Amore alla sbarra. Viaggio in Africa dove le persone omosessuali non hanno il diritto di esistere
Articolo di Jon Henley , Xan Rice e David Smith tratto da The Guardian (Inghilterra), 22 Maggio 2010, liberamente tradotto da Laura M.
Una coppia omosessuale del Malawi è stata condannata a 14 anni di lavori forzati. […] “Vi darò una pena esemplare,” ha sentenziato il giudice Nyakwawa Usiwa-Usiwa durante il processo a Blantyre, Malawi (Africa), “in modo da garantire la pubblica sicurezza contro persone come voi e impedire che qualcun altro tenti di emulare quest’orrendo comportamento.”. Ha mantenuto la promessa.
Colpevoli di abuso sessuale e comportamenti innaturali – o, come dichiara il loro avvocato difensore, di “essere due adulti consenzienti che facevano le loro cose in privato” – Steven Monjeza e Tiwonge Chimbalanga sono stati condannati, in questi giorni, a 14 anni di carcere e lavori forzati.
Perché farlo? Perché essere attivista per i diritti omosessuali in Africa?
Non sarà solo il tribunale a condannarvi. “Dove vivo io, le persone lanciano sassi alla mia casa”, ha dichiarato Pepe Onziema, lesbica e attivista per i diritti delle minoranze sessuali in Uganda, “Non salgo più sul matatus [taxi collettivo] perché ogni volta vengo costretta a scendere e gli altri passeggeri si rifiutano di sedersi affianco a me. Una volta, mentre mi trovavo su un boba-boda [mototaxi] sono stata colpita da un taxi di passaggio.”
Non vi sarà d’aiuto la Chiesa. “L’omosessualità,” dice Padre Mario Manyozo della Chiesa della Parola di Vita nel Malawi, “va contro i principi della creazione di Dio ed è un atto malvagio, poiché i gay sono posseduti da demoni.”
Per il Reverendissimo Isaac Orama, vescovo anglicano di Uyo, Nigeria, gli omosessuali non sono altro che “esseri disumani, folli, satanici e indegni di vivere”.
Neanche i media vi appoggeranno. François Bikoro, direttore del popolare (e populista) settimanale Cameroniano L’Anecdote – che, così come altre riviste, ha pubblicato liste di persone accusate di essere gay, accompagnandole da titoli come “I Froci Sono Tra Noi” – calcola che le vendite sono passate fa 5.000 a “più di 20.000 copie” da quando “abbiamo iniziato a trattare l’argomento omosessualità”.
Naturalmente non esistono prove che dimostrino che Monjeza (26 anni) e Chimbalanga (33) siano attivisti.

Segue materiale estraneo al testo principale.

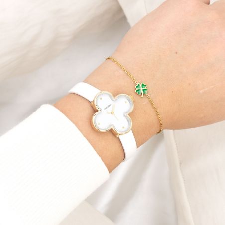 Bevestig uw vrouwelijkheid met finesse dankzij het OOZOO Timepieces C11520 horloge , een charmante creatie in een elegant klaverformaat (32 x 32 mm) . De witte leren band zorgt voor een vleugje frisheid en zachtheid, perfect geaccentueerd door de gouden metalen kast , die zowel trendy als verfijnd is.
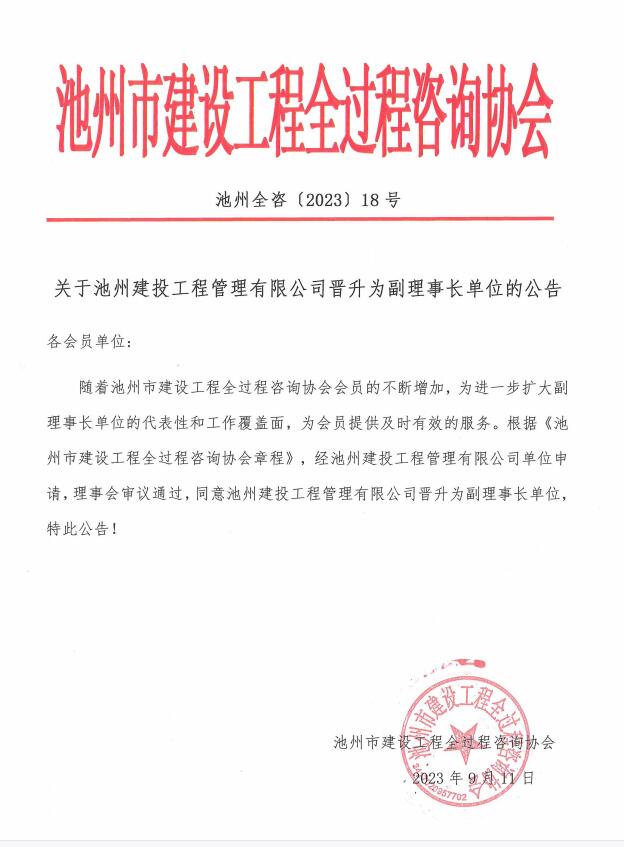 关于池州建投工程管理有限公司晋升为副理事长单位的公告

La loro colpa è stata dichiarare, lo scorso Dicembre, di aver intenzione di sposarsi durante una festa di fidanzamento a Blantyre, in Malawi, una piccola regione a sud-est dell’Africa il cui presidente, Bingu wa Mutharika ha definito l’omosessualità come “malvagia davanti agli occhi di Dio” e come qualcosa che “noi Malawiani non facciamo.”
Qualcuno ha fatto una soffiata a un giornale e i due si sono ritrovati, apparentemente per il loro bene, nel noto carcere di Chichiri.
Chimbalanga era solito indossare abiti da donna. Voleva essere chiamato Zia Tiwo e, fino al giorno della pubblicazione dell’articolo, veniva considerata una donna a tutti gli effetti dai suoi datori di lavoro, per i quali cucinava e puliva casa.
Continua a ripetere di non aver fatto niente di male, se non innamorarsi. Monjeza, da parte sua, ha dichiarato di essere pentito per ciò che ha fatto e che la sua attrazione sessuale è sempre stata verso Tiwo, ma non era più innamorato.
Sia lo sdegno che il pentimento hanno lasciato indifferente il giudice che ha dichiarato la coppia colpevole di “conoscenza carnale…contro l’ordine naturale” e di aver “vissuto assieme come marito e moglie”, violando, in questo modo, “i principi di decoro” del Malawi.
Naturalmente, sono pochi coloro che osano emulare Chimbalanga e Monjeza.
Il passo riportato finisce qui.